Main Street is usually just like any other small-town boulevard, empty but for a few cars and lined with shops and businesses. Two streetlights at either end direct what little traffic there is. A few people walk along the sidewalk. When they pass one another, heads go down in hopes that the other person will not try to initiate conversation or perhaps in fear that a kind gesture will be ignored.
But a few summers ago, the street was transformed. My small town rallied around a group of talented artists who came to paint murals all over our city. The Walldogs are a group of traveling artists whom cities contract to paint murals—usually of old advertisements, but also of nostalgic town memories. People joined volunteer groups, children painted on the mural near the library and patrons supported the effort at a town auction where one could purchase a replica of a mural.

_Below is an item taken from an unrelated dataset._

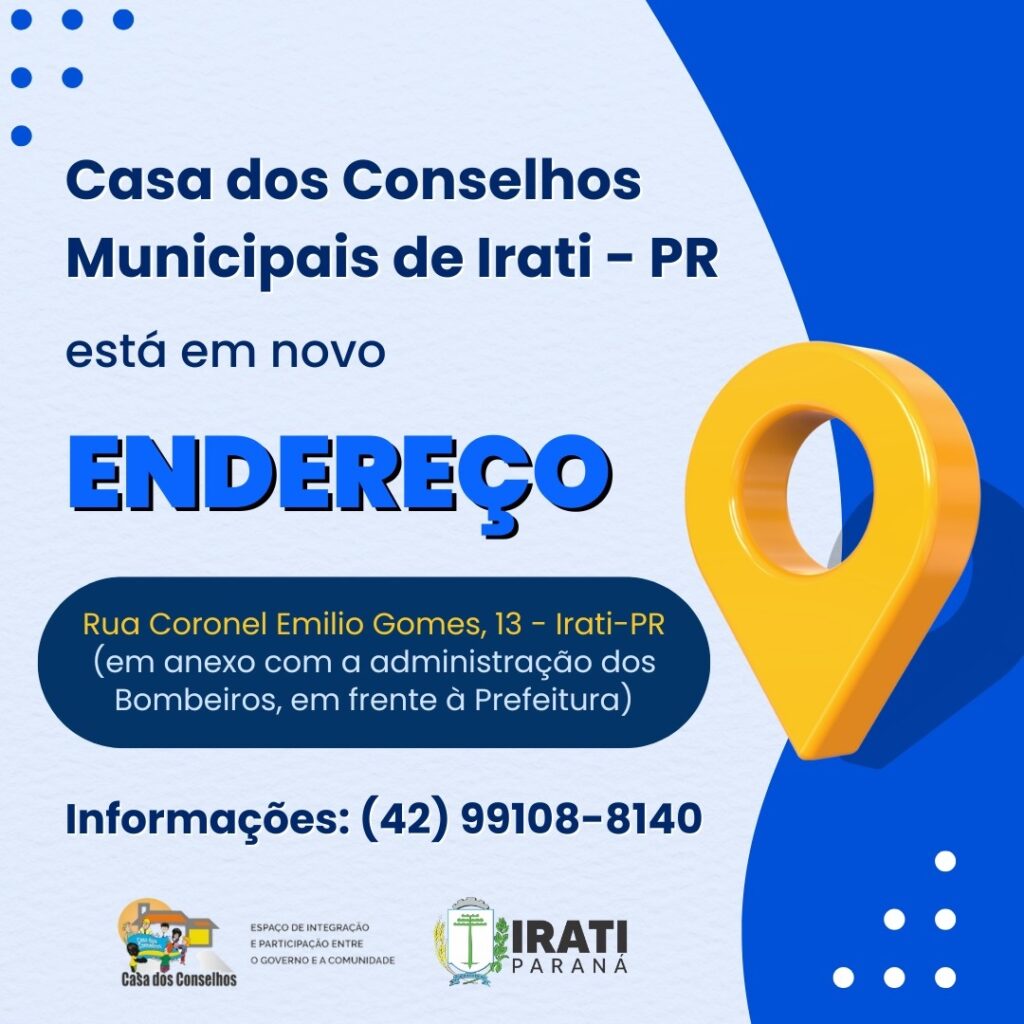 A Casa dos Conselhos Municipais de Irati está atendendo em um novo endereço. O espaço fica na rua Coronel Emílio Gomes, número 13, no centro da cidade, em anexo ao setor administrativo dos bombeiros e em frente à Prefeitura. Até o ano passado, a Casa dos Conselhos funcionava na rua Coronel Pires, nos fundos do prédio do Centro Administrativo Municipal (CAM).

On the night of the unveiling, families walked out to take a tour of the downtown art gallery. It was surreal—everyone outside after sunset, talking amiably instead of passing each other by. I didn’t want the magical bubble we were in to burst, though I doubted even the murals would let the town maintain its vivacity. So I committed the moment—almost religious in its fleeting sacredness—to memory. And though the streets are back to the quiet ones they once were, Plymouth, Wis., now boasts the largest collection of Walldogs murals ever created, and tourists from all over the country come and take self-guided tours, catching glimpses of our town’s history and character.

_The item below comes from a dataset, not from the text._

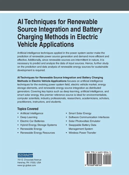 Artificial intelligence techniques applied in the power system sector make the prediction of renewable power source generation and demand more efficient and effective. Additionally, since renewable sources are intermittent in nature, it is necessary to predict and analyze the data of input sources. Hence, further study on the prediction and data analysis of renewable energy sources for sustainable development is required. AI Techniques for Renewable Source Integration and Battery Charging Methods in Electric Vehicle Applications focuses on artificial intelligence techniques for the evolving power system field, electric vehicle market, energy storage elements, and renewable energy source integration as distributed generators. Covering key topics such as deep learning, artificial intelligence, and smart solar energy, this premier reference source is ideal for environmentalists, computer scientists, industry professionals, researchers, academicians, scholars, practitioners, instructors, and students.
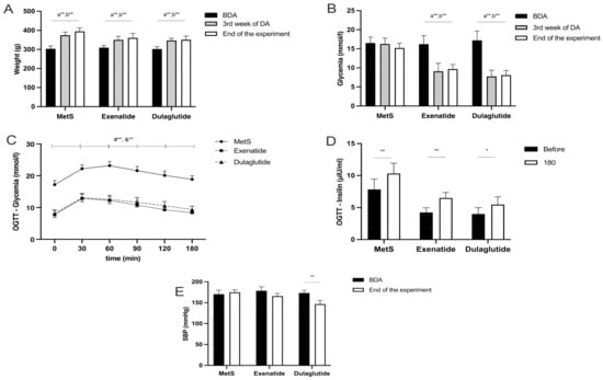 (A) Effects of GLP-1RA on weight, (B) effect of GLP-RA on glycemia levels, (C) effect of GLP-1RA on glucose level during OGTT, (D) effect of GLP-1RA on insulin level during OGTT, (E) effect of GLP-1RA on systolic blood pressure. Values are presented as mean ± SD. Statistical significance at the level * p < 0.05, ** p < 0.01. MetS: metabolic syndrome group. Exenatide: group of rats treated with exenatide. Dulaglutide; group of rats treated with dulaglutide. BDA: before drug administration. 3rd week of DA: third week of drug administration. Before: before OGTT (glucose administration) a, #—MetS vs. Exenatide; b, &—MetS vs. Dulaglutide.

Those memories came back to me during a humanities course on the topic of streets I took my first semester at college. My classmates and I asked and discussed: What makes a healthy street? Why are they important at all? One lecture, led by the Rev. Jim Neilson, explored these questions by looking at the intersection of faith, art, beauty and community.

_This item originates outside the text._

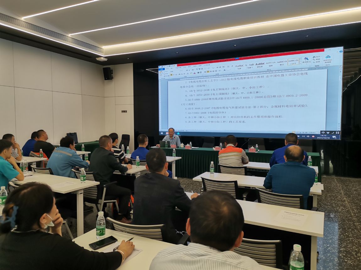 10月18日,2023年安徽省电线电缆制造工(拉制工)职业技能竞赛培训班及预赛在楚江导体科技园运营中心会议室举行。协会秘书长胡良健,安徽楚江高新电材有限公司生产技术总监梁则文,安徽华能电缆集团有限公司总工程师付世财,安徽凌宇电缆科技有限公司总工程师李万松出席活动。百余名参赛选手参加活动。

For a healthy street to exist, Father Neilson explained, it needs to have three features. It needs to be safe, it needs to be interesting, and there must be other people. Being social animals, if these three elements exist, we will flock out of doors to be part of it. One slide in his presentation showed a video of an orchestra sitting in the middle of a sidewalk with a sign posted on the conductor’s stand that read “Conduct Us.” People stood up and began waving their arms to conduct the band, which played—following the movements of the amateur. Who wouldn’t come out to watch a performance like that? A healthy street can bring a community together where relationships can happen and thrive.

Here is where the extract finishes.